Wednesday, June 08, 2005

The Mama-sans, Nightclub hostesses and Mal-rocker

I just had my haircut today. No big deal actually, considering that I have it at about the same time every month. Sometimes when I go back to office the next day, some colleagues would ask, “Wah, you cut hair har” (no, some who asked are not aunty…although it is more often so) and I would reply, “No lah, hair dropped lah…” And I could follow that with a mischievous smile, wider if the recipient is younger (no, I am not flirting, just having some clean fun I know I am entitled to). I swear I didn’t start it, but it sure beats most answers.

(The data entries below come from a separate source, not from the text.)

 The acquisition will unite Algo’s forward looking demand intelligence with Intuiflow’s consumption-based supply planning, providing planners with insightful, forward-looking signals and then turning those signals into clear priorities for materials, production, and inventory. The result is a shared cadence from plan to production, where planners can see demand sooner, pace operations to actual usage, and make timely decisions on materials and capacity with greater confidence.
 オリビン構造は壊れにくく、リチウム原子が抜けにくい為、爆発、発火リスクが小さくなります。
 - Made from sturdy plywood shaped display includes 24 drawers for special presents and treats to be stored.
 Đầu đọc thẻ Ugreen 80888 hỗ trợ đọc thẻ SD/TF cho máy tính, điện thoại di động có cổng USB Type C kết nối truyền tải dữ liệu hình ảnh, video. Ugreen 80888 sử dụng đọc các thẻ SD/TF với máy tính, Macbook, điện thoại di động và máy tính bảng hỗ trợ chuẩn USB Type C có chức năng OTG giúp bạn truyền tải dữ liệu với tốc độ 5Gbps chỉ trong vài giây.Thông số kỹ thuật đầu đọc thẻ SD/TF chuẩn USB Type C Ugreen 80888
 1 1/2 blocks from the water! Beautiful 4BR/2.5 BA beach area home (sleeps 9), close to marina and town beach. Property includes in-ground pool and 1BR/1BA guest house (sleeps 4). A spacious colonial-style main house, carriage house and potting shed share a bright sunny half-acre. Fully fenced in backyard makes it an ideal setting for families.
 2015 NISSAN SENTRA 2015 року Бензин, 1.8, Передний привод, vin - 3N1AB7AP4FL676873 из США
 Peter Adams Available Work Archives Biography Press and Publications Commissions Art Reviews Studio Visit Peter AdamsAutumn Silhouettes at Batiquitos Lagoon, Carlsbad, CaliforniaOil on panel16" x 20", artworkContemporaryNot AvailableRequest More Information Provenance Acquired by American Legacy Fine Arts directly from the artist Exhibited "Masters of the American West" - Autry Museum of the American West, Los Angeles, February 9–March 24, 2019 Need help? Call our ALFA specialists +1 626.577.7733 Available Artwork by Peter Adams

Anyway, back to my haircut (err…was I actually ever away?). For one reason or another, I decide against visiting my barber, who is Malaysian, single and suspected-gay (it’s the way he moves and touches my shoulder). He is a chatty one, likes talking about his younger days in a posh salon, designing outlandish, erotic hairdos. I never did have the courage to ask him who was his customers - mama-sans and nightclub hostesses perhaps? That he got outrageous sums of tips seems to suggest so. No way is the actually-rich so generous to their hairdresser - that is how they get rich, you see.

It hides at one corner of the mall – the Malay barbershop, that is. I looked through the glass door, only to see a Malay guy with a neat goatee, dressed in a long-sleeved blue shirt in the centre of the room - well almost. I thought the Malay barbers must have “upgraded” since my last visit. I opened the door to see a sparingly furnished shop with a bench against the wall on my right, presuming for waiting customers, and two dressing tables, each allowing two seats to be positioned facing each other, but no Mal-rock. No soaring, screaming guitar strains and anguished singing. How I miss them, though I never understand the lyrics.Instead, the air was filled with a Malay drama from a TV set coming from the back of the shop. That is a first, I thought.

Next moment, I was ushered to an empty seat by the man with the goatee. He left me as his mate took over – a mal-rocker look-alike, complete with flowing locks and drugs-dazed eyes. But there was an artistic, benign aura about him. And my new haircut was his masterpiece, I suppose. As for all creations, time and patience are omni-potent. I have to admit though, that I am never one for either in this cutthroat new economy, especially when you are used to those ten minutes haircut, Japanese conceptual salons sprawling among the housing estates. So here I was, treated to the sounds of Malay TV drama, the smell of cigarette from the Mal-rocker, thinly disguised by the dusty air-con. And I actually start to miss my regular barber, to say the least. My “Michelangelo” really is a man obsessed with his craft, a few chips and chops here and there, but no word, not one at all, from his golden mouth. Most probably, in his mind, my head is only a watermelon with wig on, nothing more. Ouch! How insulting can it get? Maybe I could just sneak out without paying after he finished, just maybe.

PS: Most of the time, we do not know what we have, that is, until we lose them.